I realise it's bad form to answer one's own question, but with a small amount of head scratching I managed to generate the matrix explicitly:
If anyone has a neater way to do this, I'm still interested.
有趣的问题!
我认为你所要求的完全不可能。然而,这两个克罗内克乘积是相似的,通过一个置换矩阵,即有:
这个置换矩阵是这样的:
Px的值是通过将 x 逐行放入矩阵中并堆叠得到的结果矩阵的列在一起。编辑 您所要求的证明是不可能的。考虑矩阵
那么两个克罗内克乘积为:
假设您将左侧的第一个矩阵乘以任何矩阵 sigma:最后两列将保持为零,因此结果不能 等于第二个矩阵。量子ED。
Interesting question!
I don't think that what you are asking is exactly possible.
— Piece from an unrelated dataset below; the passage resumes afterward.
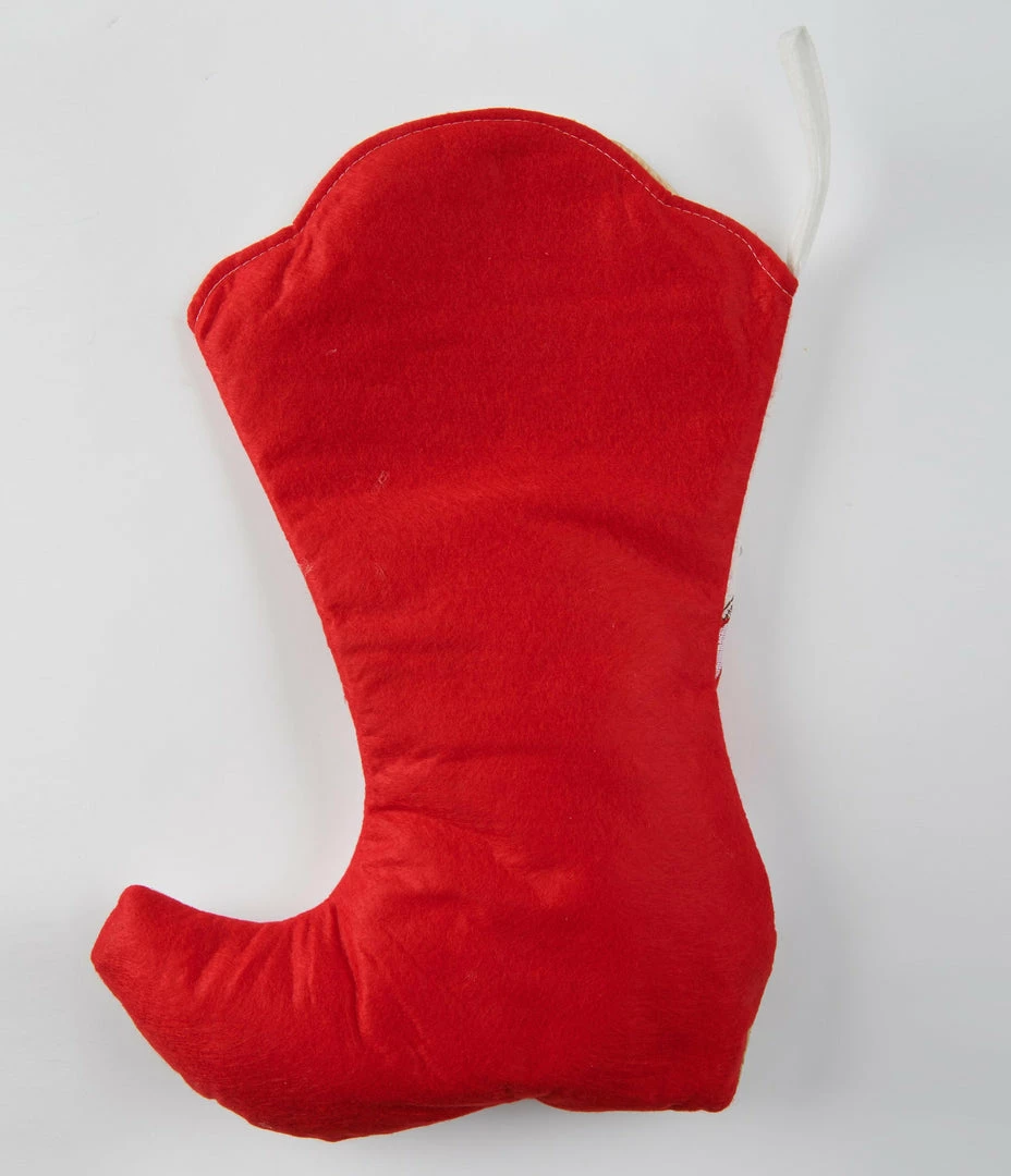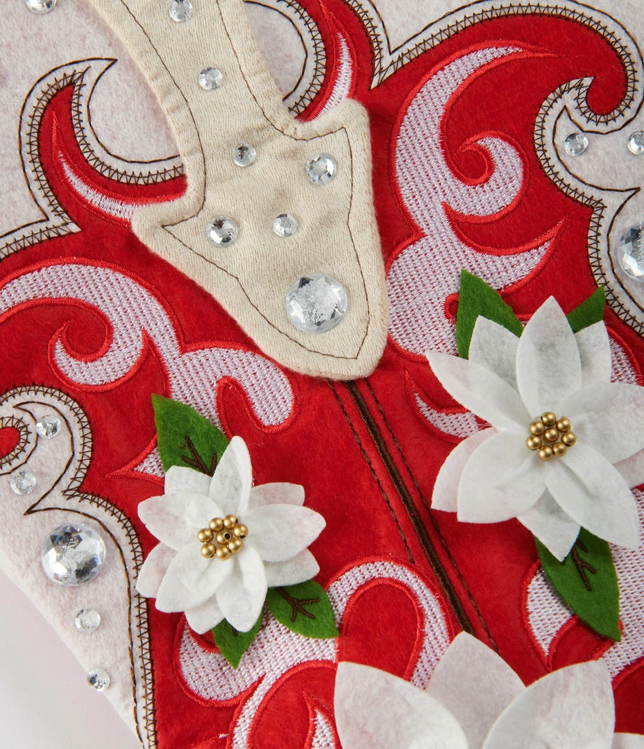 Put on your cowboy hat and rope in the holidays with this rustic cowgirl boot stocking. Inner lined with a polyester satin, the outside is crafted with a red and white felt, decorated with beautiful white flowers and silver rhinestones.

However, the two kronecker products are similar, via a permutation matrix, i.e., one has:
This permutation matrix is such that the value of
Pxis obtained by putting x in a matrix row by row, and stacking the columns of that resulting matrix together.Edit A proof that you are asking is not possible. Consider the matrices
Then the two kronecker products are:
Suppose you multiply the first matrix on the left by any matrix sigma: the last two columns will stay at zero, so the result cannot be equal to the second matrix. QED.